DIRECTIONS FOR THIS TASK:
Type out the whole listing again exactly, pictures omitted.

DATA EXCERPT:

-.-.-

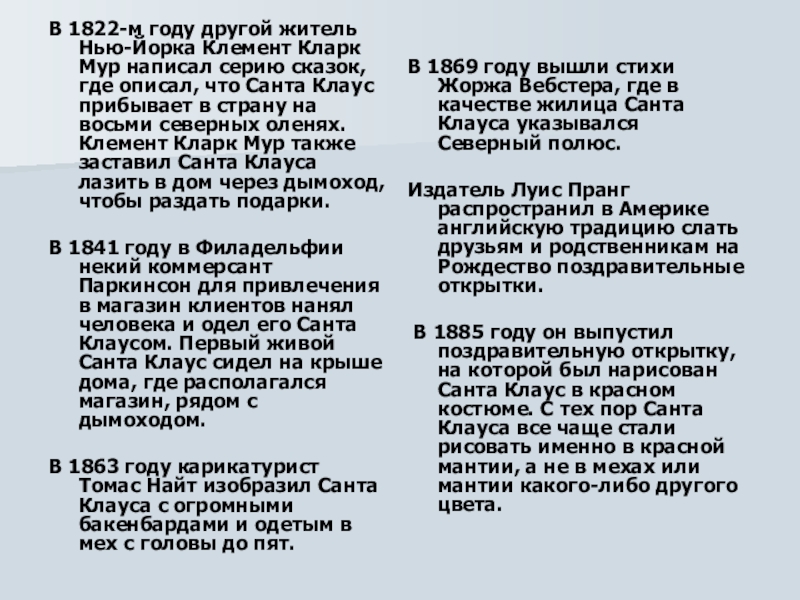В 1869 году вышли стихи Жоржа Вебстера, где в качестве жилица Санта Клауса указывался Северный полюс.
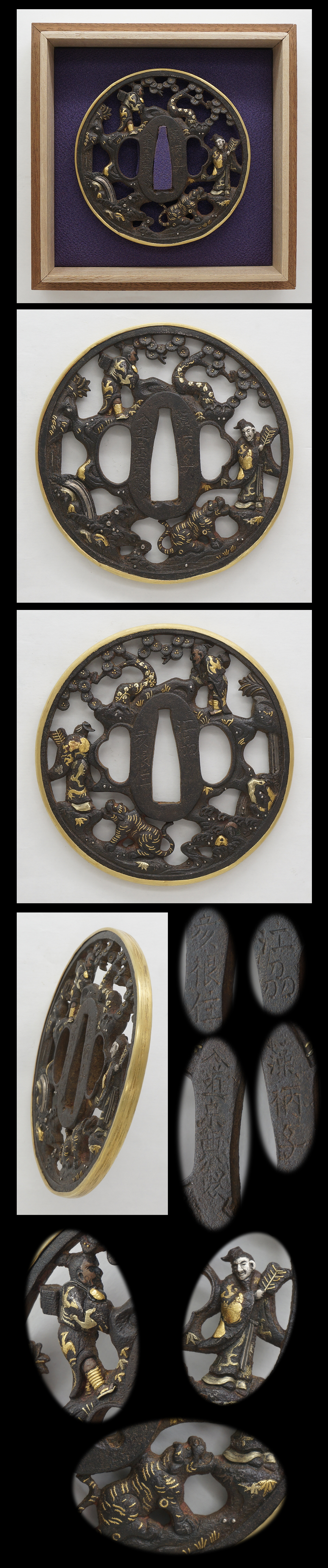 Special feature: Round shape iron tsuba with tiger and human design engraved and inlayed with gold.
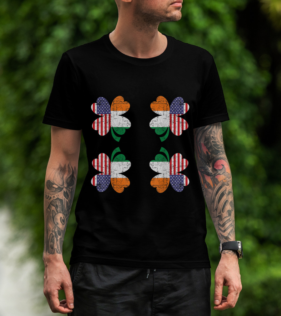 Saint Patricks Day Irish American Flag Four Leaf Clover Ireland T-Shirt

-.-.-

FINAL ANSWER:
В 1869 году вышли стихи Жоржа Вебстера, где в качестве жилица Санта Клауса указывался Северный полюс.
 Special feature: Round shape iron tsuba with tiger and human design engraved and inlayed with gold.
 Saint Patricks Day Irish American Flag Four Leaf Clover Ireland T-Shirt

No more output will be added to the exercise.